July 03, 2013 Tehran, Tehran, Iran

Tehran

by Christian , published on November 23, 2013

distance: 40.66km
duration: 10h 44min

Our 30-day-visa for Iran was drawing to an end, so we had to extend it for another month. We had read it would be easy to do this in the tourism-hubs Esfahan and Shiraz, but  hard in Tehran.

Querulent as we are, we did it in Tehran and it took us three days instead of the 2 hours in the other places. But we had a chance to see the Foreign Intelligence Office from inside, where the head officer reminded us very much of Ralph Fiennes as Amon Göth in Schindler's List - a steel-eyed police officer emanating staunch authority, his back so stiff he had to lean sideways on his table to sign papers, in order that he mustn't bend.

Another officer looked like a bulldog, shouting at clients when they bothered him with questions(He appeared to us like another nazi-figure, one of those Sturmabteilung-idiots, aggressive and brainless).

All in all there was a daunting, oppressive atmosphere in this police-office, an atmosphere that makes you adopt the posture of a petitioner and bootlicker, hoping  the authorities would not refuse your petty claims.

The first day we went there, Daniela was refused entry by the babyfaced soldiers at the entrance. She was wearing a longsleeve and trousers - not a manteau or chador covering her female forms adequately. I was allowed in and got the necessary forms and information on how the procedure works.

The next day we borrowed a manteau from our warmshowers-host and went there again.

We where happy we where tourists and not one of the poor afghans and turkmens, who queued up in droves seeking asylum.

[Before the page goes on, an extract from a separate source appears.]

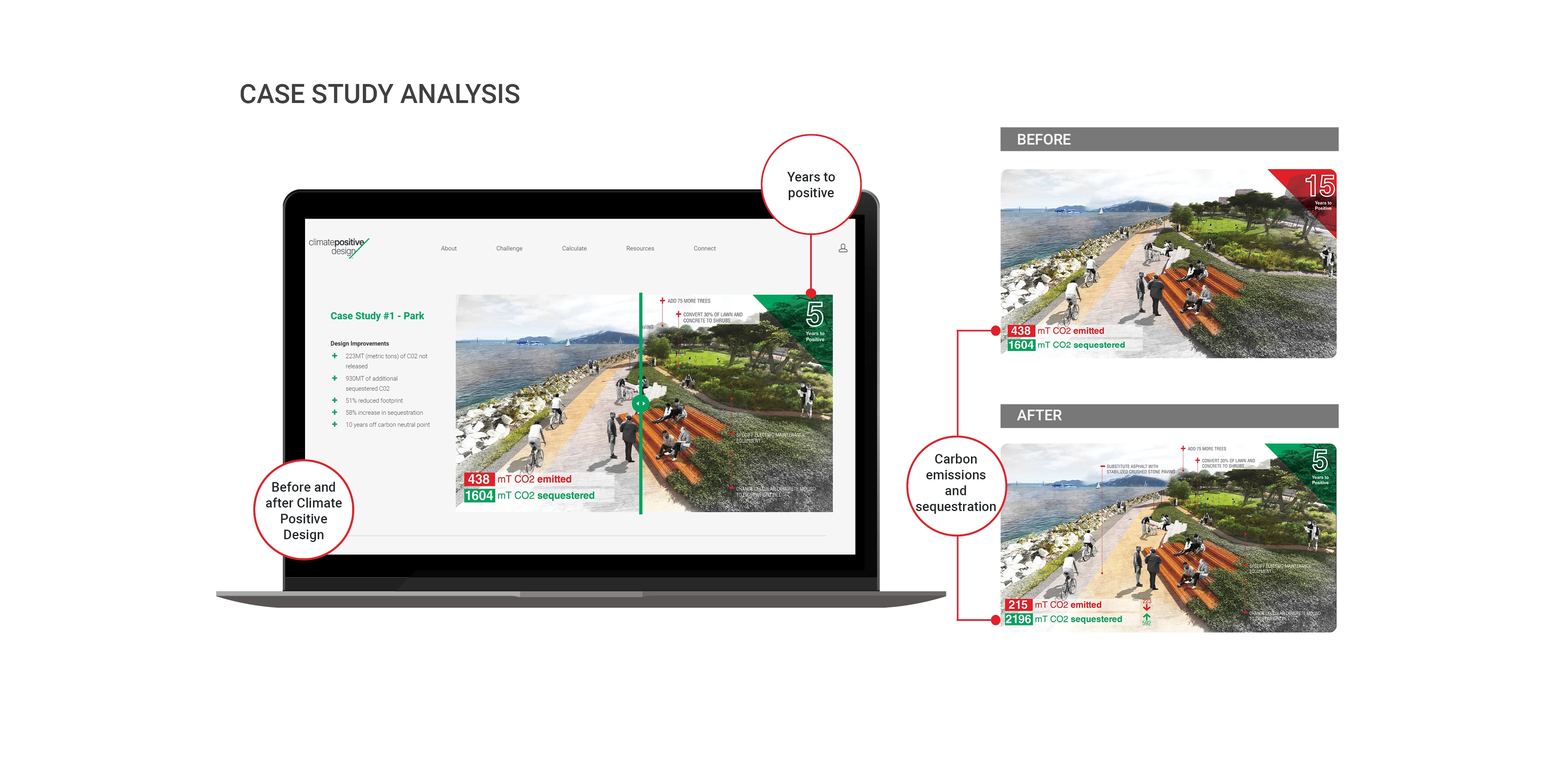 Several Design Challenge options were reviewed by Advisory Partner organizations and the agreed upon methodology was to focus on “years to positive” (YTP) as this metric requires both reducing emissions and increasing sequestration. To determine targets for the Climate Positive Design Challenge, an average of the case study projects YTP was selected. For parks, gardens, campuses the YTP target is five years and for streets and plazas the target is set at 20 years.

Still we felt a bit uncomfortable when after an hour of waiting, the police-officers asked us to follow them to the 4th floor to a department called SPECIAL SECURITY.

We where asked to sit down in an small office with a man in civilian clothes, chainsmoking cigarettes(What a cliché!).

We where asked some curious questions, where we came from and go to and why in the world we had to extend our visa for another month, wouldn't 15 days be sufficient?

But we insisted, explained we where on a bicycle and Iran was a big country and we really needed another 30 days. He didn't respond to our claim, instead he produced a list with security information we had to read thoroughly - all of it bullshit - how we should always stay in hotels, never talk with strangers, never accept invitations from strangers - and some other naive advice. With a pokerface we dutifully affirmed we would follow all this good advice and signed the paper as we where asked to.

That was the end of the weird interrogation, back on the ground floor the SA-bulldog collected our passports and despite our protest we where asked to come back the next day at 9 o'clock sharp. Duh!

Memorial mural of soldiers that died in the Iran-Iraq war

The Azadi Tower, built in celebration of the 2500th anniversary of the persian empire

As ordered, we where there at exactly 9:00 - and of course waited for 2 hours. After pestering the SA-bulldog, finally Amon Göth called us in his office, our passports lying in front of him on his desk. He apologized for the delay and with a ridiculously momentous posture he put the extension stamp in our passport. When we got out of the thick air in the office, we immediately checked our passports - and really, they had granted us the full additional 30 days we had asked for!

After this long delay and waste of time, we where finally able to apply for our Turkmenistan transit-visa - another exercise in patience and lecture in the bureaucracy of dictatorships. But this went through comparatively smooth, with just 2 visits and a handwritten "letter of intent" on a frayed, dirty piece of paper(Which was just fine for them).

All of this nasty bureaucracy has little to do with the civilians in Tehran - like everywhere in Iran, they where very attentive, helpful and hospitable, going over and above what you would expect as assistance for a foreigner.

On the day we arrived in Tehran, a men we had asked for directions, went as far as driving with his car in front of us for 30 minutes, so we would find the flat of our warmshowers-hosts in the labyrinth of Tehran in the night. When he got us where we wanted to go, he gave us a melon as a present.